Лет тридцать Богучаровым управлял староста Дрон, которого старый князь звал Дронушкой.
Дрон был один из тех крепких физически и нравственно мужиков, которые, как только войдут в года, обрастут бородой, так, не изменяясь, живут до шестидесяти – семидесяти лет, без одного седого волоса или недостатка зуба, такие же прямые и сильные в шестьдесят лет, как и в тридцать.
Дрон, вскоре после переселения на теплые реки, в котором он участвовал, как и другие, был сделан старостой бурмистром в Богучарове и с тех пор двадцать три года безупречно пробыл в этой должности. Мужики боялись его больше, чем барина. Господа, и старый князь, и молодой, и управляющий, уважали его и в шутку называли министром. Во все время своей службы Дрон нн разу не был ни пьян, ни болен; никогда, ни после бессонных ночей, ни после каких бы то ни было трудов, не выказывал ни малейшей усталости и, не зная грамоте, никогда не забывал ни одного счета денег и пудов муки по огромным обозам, которые он продавал, и ни одной копны ужи на хлеба на каждой десятине богучаровских полей.
Этого то Дрона Алпатыч, приехавший из разоренных Лысых Гор, призвал к себе в день похорон князя и приказал ему приготовить двенадцать лошадей под экипажи княжны и восемнадцать подвод под обоз, который должен был быть поднят из Богучарова. Хотя мужики и были оброчные, исполнение приказания этого не могло встретить затруднения, по мнению Алпатыча, так как в Богучарове было двести тридцать тягол и мужики были зажиточные. Но староста Дрон, выслушав приказание, молча опустил глаза. Алпатыч назвал ему мужиков, которых он знал и с которых он приказывал взять подводы.

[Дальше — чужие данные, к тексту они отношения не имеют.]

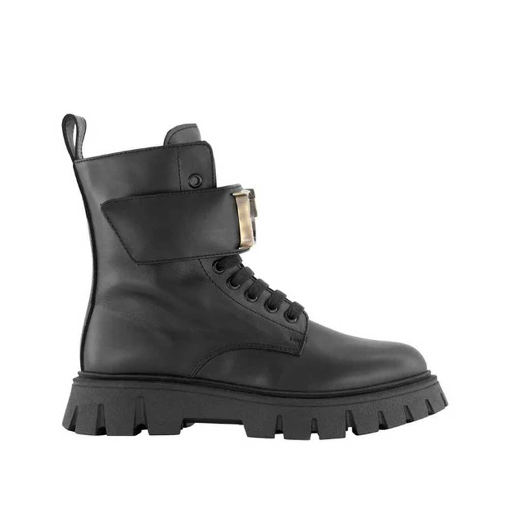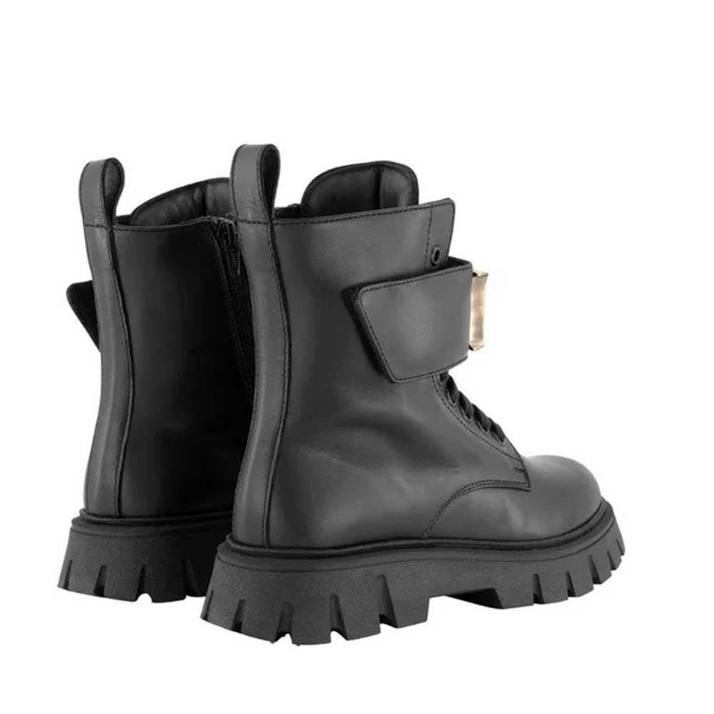 Lo stivaletto di Dsquared Kids si presenta con un design carrarmato caratterizzato dalla placca frontale logata che evidenzia il brand. Modello alto alla caviglia, lacci superiori, punta tonda e chiusura laterale con zip. DETTAGLI: -Tessuto: 100% pelle di vitello; Colore: Nero

Дрон отвечал, что лошади у этих мужиков в извозе. Алпатыч назвал других мужиков, и у тех лошадей не было, по словам Дрона, одни были под казенными подводами, другие бессильны, у третьих подохли лошади от бескормицы. Лошадей, по мнению Дрона, нельзя было собрать не только под обоз, но и под экипажи.
Алпатыч внимательно посмотрел на Дрона и нахмурился. Как Дрон был образцовым старостой мужиком, так и Алпатыч недаром управлял двадцать лет имениями князя и был образцовым управляющим. Он в высшей степени способен был понимать чутьем потребности и инстинкты народа, с которым имел дело, и потому он был превосходным управляющим. Взглянув на Дрона, он тотчас понял, что ответы Дрона не были выражением мысли Дрона, но выражением того общего настроения богучаровского мира, которым староста уже был захвачен. Но вместе с тем он знал, что нажившийся и ненавидимый миром Дрон должен был колебаться между двумя лагерями – господским и крестьянским. Это колебание он заметил в его взгляде, и потому Алпатыч, нахмурившись, придвинулся к Дрону.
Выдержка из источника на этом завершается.